METHOD AND APPARATUS FOR ADJUSTING HEARING INTELLIGIBILITY IN MOBILE PHONES

Info

Publication number: 20080228473
Type: Application
Filed: Apr 9, 2007
Publication Date: Sep 18, 2008
Applicant: ARI ASSOCIATES, INC. (Tokyo)
Inventor: Sachie Kinoshita (Minato-ku)
Application Number: 11/733,141

Abstract

The present invention relates to a method and apparatus for speech intelligibility enhancement. First, the noise estimator determines the amount of ambient noise when the listener is placed in a high ambient noise environment. Second, the perceptual feature associated with speech intelligibility is enhanced with minimal processing artifacts. Third, the listener's volume gain is automatically and adaptively adjusted based on the psycho-acoustic model. The method and apparatus has ample capability to enhance speech intelligibility in any noisy environment conditions, and hence it can be a more desired solution than manual volume adjustment. Thus, the present invention can be implemented in mobile handsets, telephones, public address systems, and the like.

Description

Description

CROSS-REFERENCE TO RELATED APPLICATION

This application claims the benefit of Japanese Patent Application No. 2007-030073, filed Feb. 9, 2007, priority from the filing date of which is hereby claimed under 35 U.S.C. § 119 and the disclosure of which is hereby expressly incorporated by reference.

BACKGROUND

Human speech consists of voiced sound and unvoiced sound. In English, the vowels and some of the consonants are classified as voiced sound. The vocal tract modifies this excitation by introducing the acoustic resonance frequencies of the vocal chords. These resonance frequencies are known as formants. On the other hand, most of the consonants (fricatives, plosives, etc.) are assigned to the unvoiced sound category.
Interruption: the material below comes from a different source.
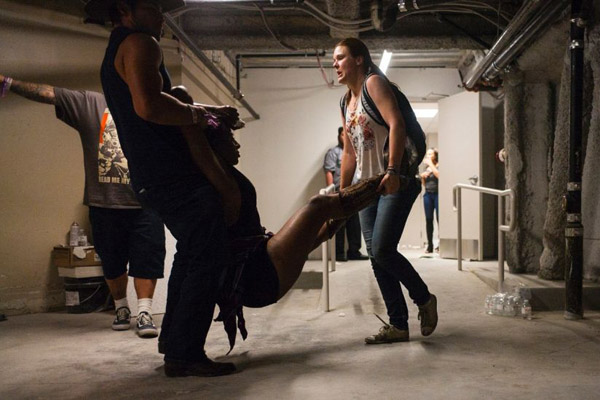 Mọi người đang cố gắng di chuyển một người phụ nữ bị thương nặng.
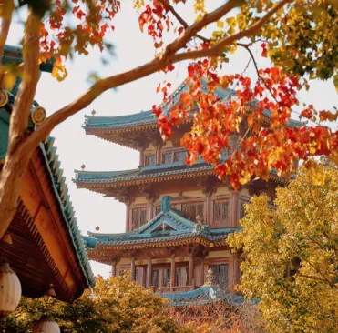 栖霞山风景区是中国四大赏枫胜地之一,树龄两百年以上的古枫树有 4000 余株,鸡爪槭、红枫、三角枫、黄连木等红叶树共有 15 万株之多。最佳观赏时间在 11 月中下旬,此时漫山红枫层林尽染,古寺红墙黛瓦与红叶相映成趣。建议从栖霞山北门进入,可以避开人流,拍摄古寺与红叶的经典画面。

Unvoiced sounds are produced when an air-flow is forced through the vocal chord constriction causing audible turbulence. The constriction can occur in several places between the opening of the vocal chords (glottis) and the mouth. The unvoiced sounds are hence characterized by the stricture of the vocal tract. Vocal chord vibration is not involved in producing the unvoiced sounds and there is no fundamental frequency in the excitation signal and no harmonic structure either.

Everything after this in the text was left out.